### YOUR INSTRUCTIONS:
Images are to be excluded from the copy, and the records below reproduced word for word.

### DATA LISTING:
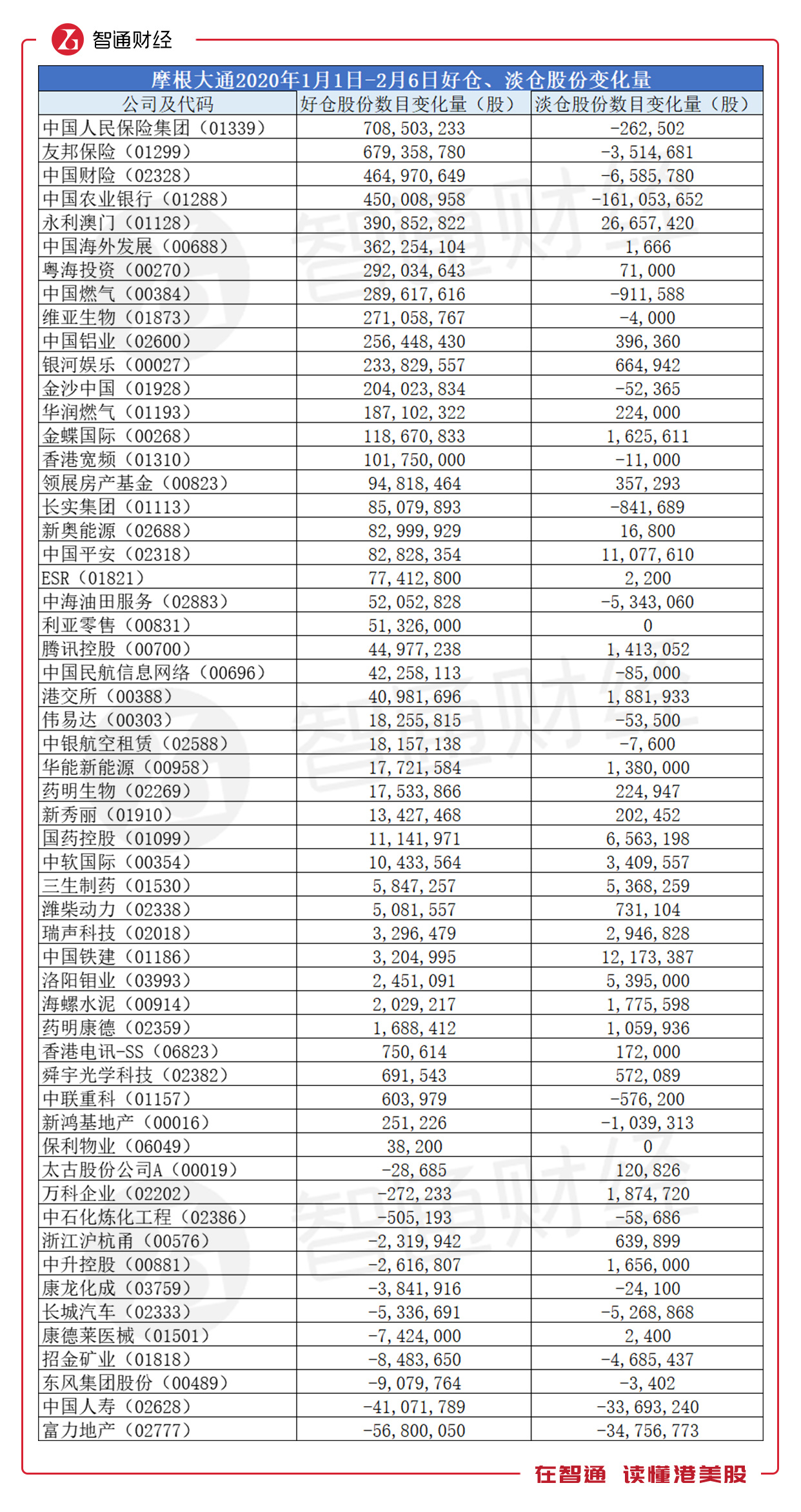 根据联交所的披露,智通财经还整体统计了所有摩根大通名义下(包括所控制的法团、投资经理、持有股份的保证权益的人、核准借出代理人)在1月1日-2月6日期间的持仓变化(含好仓及淡仓):
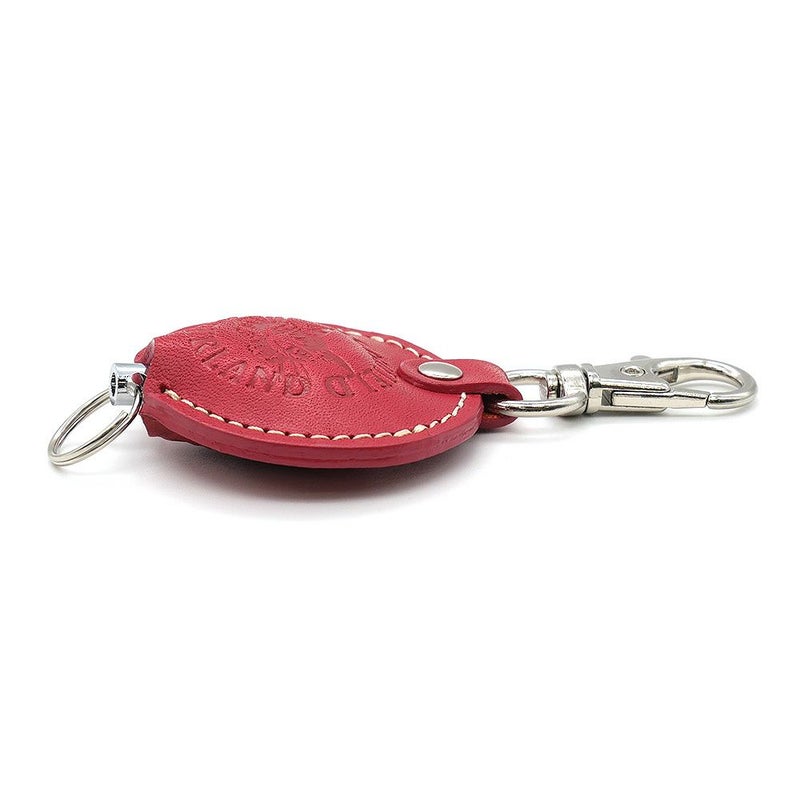 鍵の取り回しに便利なリールキーホルダーを、革でカバーしておしゃれな装いにしました。熱押しでシンプルにまとめ、革の風合いを楽しんでもらえるデザインになっています。実は革工房から出た端革を利用した、エコなアイテムです。
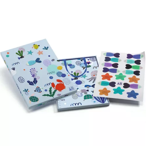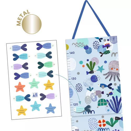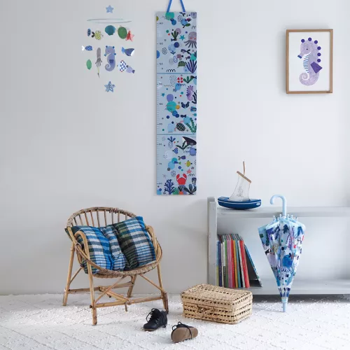 Een kartonnen groeimeter ‘Aquatic life’ uit de serie Little BIG room van het Franse merk Djeco, om bij te houden hoe snel de kleine peuter groeit! De kartonnen groeimeter is versierd met metallic details en decoratieve onderwaterdieren.
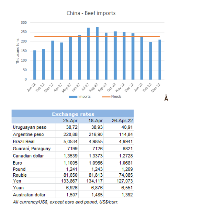 根據中國海關的數據表示,中國3月份進口了211,000噸牛肉,今年第一季度共進口了639,000噸。按照美國農業部2023年進口預期所需的進口量(每月約22.7萬噸),2023年第一季度,赤字約為4.2萬噸。
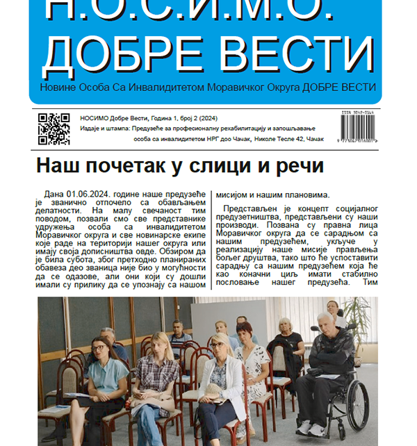 УСКОРО ДРУГИ БРОЈ ЛИСТА “НОСИМО ДОБРЕ ВЕСТИ” ПОСВЕЋЕН ОСОБАМА СА ИНВАЛИДИТЕТОМ Предузеће за професионалну рехабилитацију и запошљавање особа са инвалидитетом НРГ из Чачка, чији је циљ стварање инклузивнијег амбијента за особе са инвалидитетом, поред основне делатности, издавач је и штампаног медија “НОСИМО Добре Вести”. Други број новина, које су посвећене активностима свих удружења особа са […]
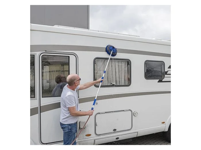 La caravane revient du stockage et elle est complètement recouverte de poussière et autres saletés. Avec cette brosse de lavage Obelink vous pourrez facilement nettoyer votre caravane. La brosse de lavage convient également aux voitures, camionnettes, camping-cars et vélos !

### ANSWER SECTION:
 根据联交所的披露,智通财经还整体统计了所有摩根大通名义下(包括所控制的法团、投资经理、持有股份的保证权益的人、核准借出代理人)在1月1日-2月6日期间的持仓变化(含好仓及淡仓):
 鍵の取り回しに便利なリールキーホルダーを、革でカバーしておしゃれな装いにしました。熱押しでシンプルにまとめ、革の風合いを楽しんでもらえるデザインになっています。実は革工房から出た端革を利用した、エコなアイテムです。
 Een kartonnen groeimeter ‘Aquatic life’ uit de serie Little BIG room van het Franse merk Djeco, om bij te houden hoe snel de kleine peuter groeit! De kartonnen groeimeter is versierd met metallic details en decoratieve onderwaterdieren.
 根據中國海關的數據表示,中國3月份進口了211,000噸牛肉,今年第一季度共進口了639,000噸。按照美國農業部2023年進口預期所需的進口量(每月約22.7萬噸),2023年第一季度,赤字約為4.2萬噸。
 УСКОРО ДРУГИ БРОЈ ЛИСТА “НОСИМО ДОБРЕ ВЕСТИ” ПОСВЕЋЕН ОСОБАМА СА ИНВАЛИДИТЕТОМ Предузеће за професионалну рехабилитацију и запошљавање особа са инвалидитетом НРГ из Чачка, чији је циљ стварање инклузивнијег амбијента за особе са инвалидитетом, поред основне делатности, издавач је и штампаног медија “НОСИМО Добре Вести”. Други број новина, које су посвећене активностима свих удружења особа са […]
 La caravane revient du stockage et elle est complètement recouverte de poussière et autres saletés. Avec cette brosse de lavage Obelink vous pourrez facilement nettoyer votre caravane. La brosse de lavage convient également aux voitures, camionnettes, camping-cars et vélos !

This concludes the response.